Dataset records
§ §
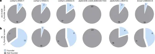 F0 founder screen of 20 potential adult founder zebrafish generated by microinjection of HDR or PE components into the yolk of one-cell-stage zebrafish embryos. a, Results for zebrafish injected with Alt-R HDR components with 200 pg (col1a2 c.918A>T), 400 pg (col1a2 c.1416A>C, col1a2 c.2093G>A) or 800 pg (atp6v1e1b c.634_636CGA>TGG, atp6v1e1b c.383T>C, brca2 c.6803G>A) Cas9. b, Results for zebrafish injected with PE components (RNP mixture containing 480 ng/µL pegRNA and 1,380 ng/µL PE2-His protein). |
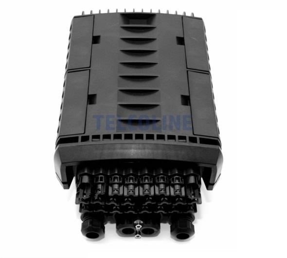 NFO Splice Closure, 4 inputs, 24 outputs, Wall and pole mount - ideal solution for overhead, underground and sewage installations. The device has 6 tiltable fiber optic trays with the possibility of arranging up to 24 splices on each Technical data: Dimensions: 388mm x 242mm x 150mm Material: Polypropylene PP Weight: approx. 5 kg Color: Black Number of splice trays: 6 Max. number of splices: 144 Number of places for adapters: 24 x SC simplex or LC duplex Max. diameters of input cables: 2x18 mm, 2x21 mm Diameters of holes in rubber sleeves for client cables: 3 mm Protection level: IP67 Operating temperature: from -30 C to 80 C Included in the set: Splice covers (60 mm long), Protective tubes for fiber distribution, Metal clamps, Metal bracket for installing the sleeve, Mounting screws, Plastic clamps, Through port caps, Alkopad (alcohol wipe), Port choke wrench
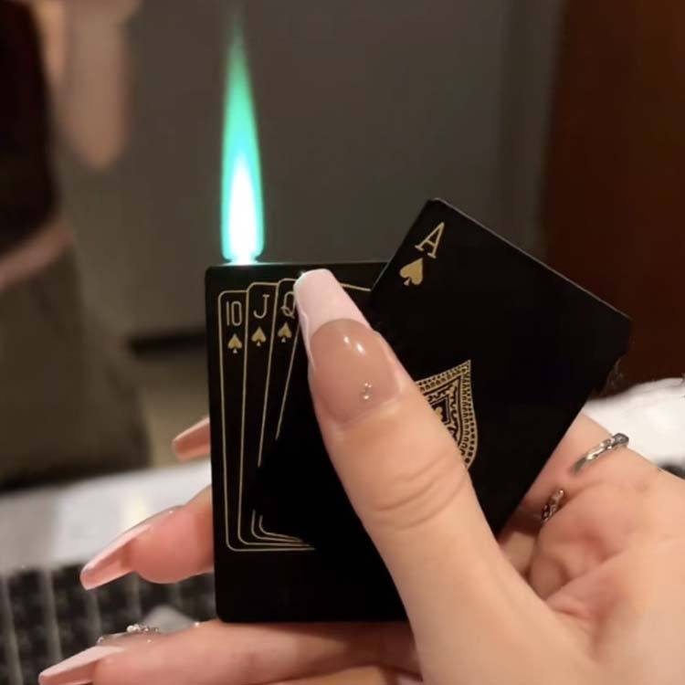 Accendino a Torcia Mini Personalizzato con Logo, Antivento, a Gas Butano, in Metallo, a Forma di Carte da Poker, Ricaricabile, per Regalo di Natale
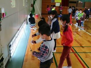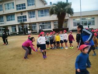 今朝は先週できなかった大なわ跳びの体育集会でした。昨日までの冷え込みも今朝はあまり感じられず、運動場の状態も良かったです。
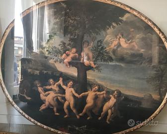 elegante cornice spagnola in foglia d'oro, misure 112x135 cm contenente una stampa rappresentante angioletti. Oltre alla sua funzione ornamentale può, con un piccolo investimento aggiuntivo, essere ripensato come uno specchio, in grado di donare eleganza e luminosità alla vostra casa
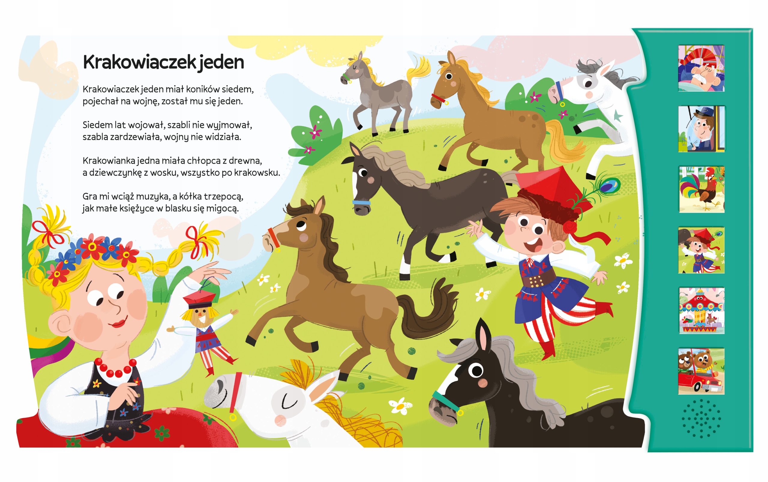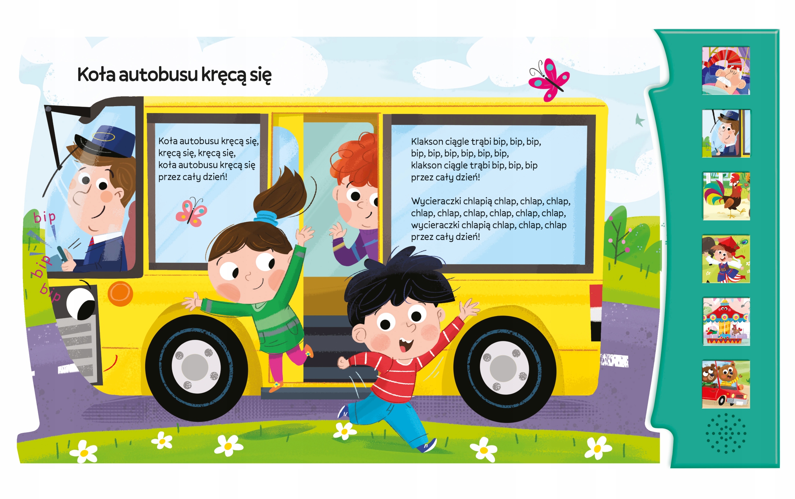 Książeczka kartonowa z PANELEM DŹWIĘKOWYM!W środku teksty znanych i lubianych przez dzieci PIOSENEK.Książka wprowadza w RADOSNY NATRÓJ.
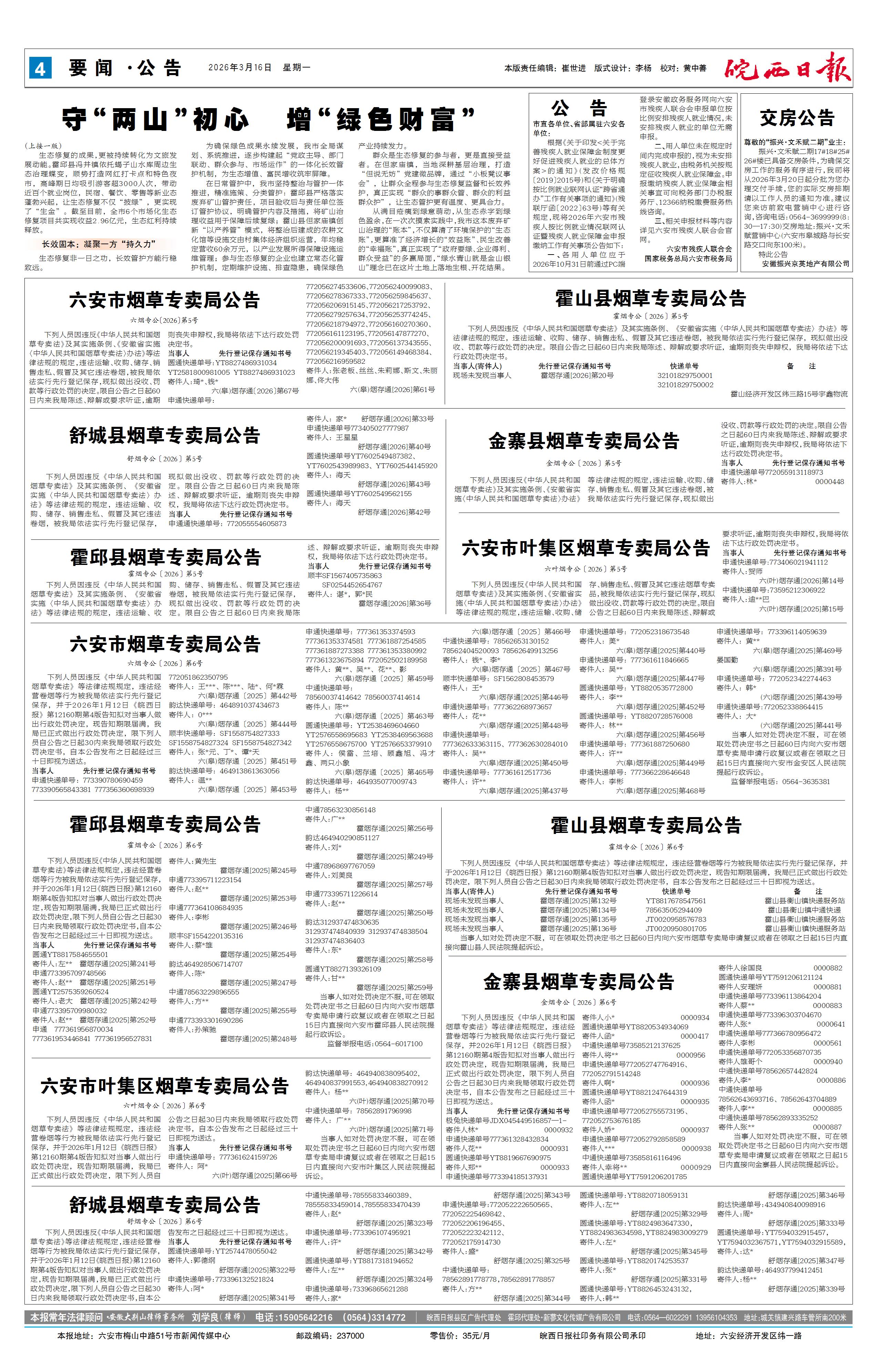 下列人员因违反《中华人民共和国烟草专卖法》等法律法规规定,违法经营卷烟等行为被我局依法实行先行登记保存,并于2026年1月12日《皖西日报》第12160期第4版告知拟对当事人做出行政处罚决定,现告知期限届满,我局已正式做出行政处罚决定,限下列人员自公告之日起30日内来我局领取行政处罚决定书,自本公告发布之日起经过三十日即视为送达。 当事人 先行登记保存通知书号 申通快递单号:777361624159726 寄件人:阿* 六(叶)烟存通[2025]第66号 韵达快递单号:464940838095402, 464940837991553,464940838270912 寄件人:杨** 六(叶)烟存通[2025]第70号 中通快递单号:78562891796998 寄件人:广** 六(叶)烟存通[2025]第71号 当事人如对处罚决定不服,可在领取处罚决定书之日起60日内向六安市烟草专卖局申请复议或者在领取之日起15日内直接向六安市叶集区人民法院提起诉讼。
§ §
Work task. The result should be an exact retyped version of all the entries above, containing no pictures.

Answer to this problem.
 F0 founder screen of 20 potential adult founder zebrafish generated by microinjection of HDR or PE components into the yolk of one-cell-stage zebrafish embryos. a, Results for zebrafish injected with Alt-R HDR components with 200 pg (col1a2 c.918A>T), 400 pg (col1a2 c.1416A>C, col1a2 c.2093G>A) or 800 pg (atp6v1e1b c.634_636CGA>TGG, atp6v1e1b c.383T>C, brca2 c.6803G>A) Cas9. b, Results for zebrafish injected with PE components (RNP mixture containing 480 ng/µL pegRNA and 1,380 ng/µL PE2-His protein). |
 NFO Splice Closure, 4 inputs, 24 outputs, Wall and pole mount - ideal solution for overhead, underground and sewage installations. The device has 6 tiltable fiber optic trays with the possibility of arranging up to 24 splices on each Technical data: Dimensions: 388mm x 242mm x 150mm Material: Polypropylene PP Weight: approx. 5 kg Color: Black Number of splice trays: 6 Max. number of splices: 144 Number of places for adapters: 24 x SC simplex or LC duplex Max. diameters of input cables: 2x18 mm, 2x21 mm Diameters of holes in rubber sleeves for client cables: 3 mm Protection level: IP67 Operating temperature: from -30 C to 80 C Included in the set: Splice covers (60 mm long), Protective tubes for fiber distribution, Metal clamps, Metal bracket for installing the sleeve, Mounting screws, Plastic clamps, Through port caps, Alkopad (alcohol wipe), Port choke wrench
 Accendino a Torcia Mini Personalizzato con Logo, Antivento, a Gas Butano, in Metallo, a Forma di Carte da Poker, Ricaricabile, per Regalo di Natale
 今朝は先週できなかった大なわ跳びの体育集会でした。昨日までの冷え込みも今朝はあまり感じられず、運動場の状態も良かったです。
 elegante cornice spagnola in foglia d'oro, misure 112x135 cm contenente una stampa rappresentante angioletti. Oltre alla sua funzione ornamentale può, con un piccolo investimento aggiuntivo, essere ripensato come uno specchio, in grado di donare eleganza e luminosità alla vostra casa
 Książeczka kartonowa z PANELEM DŹWIĘKOWYM!W środku teksty znanych i lubianych przez dzieci PIOSENEK.Książka wprowadza w RADOSNY NATRÓJ.
 下列人员因违反《中华人民共和国烟草专卖法》等法律法规规定,违法经营卷烟等行为被我局依法实行先行登记保存,并于2026年1月12日《皖西日报》第12160期第4版告知拟对当事人做出行政处罚决定,现告知期限届满,我局已正式做出行政处罚决定,限下列人员自公告之日起30日内来我局领取行政处罚决定书,自本公告发布之日起经过三十日即视为送达。 当事人 先行登记保存通知书号 申通快递单号:777361624159726 寄件人:阿* 六(叶)烟存通[2025]第66号 韵达快递单号:464940838095402, 464940837991553,464940838270912 寄件人:杨** 六(叶)烟存通[2025]第70号 中通快递单号:78562891796998 寄件人:广** 六(叶)烟存通[2025]第71号 当事人如对处罚决定不服,可在领取处罚决定书之日起60日内向六安市烟草专卖局申请复议或者在领取之日起15日内直接向六安市叶集区人民法院提起诉讼。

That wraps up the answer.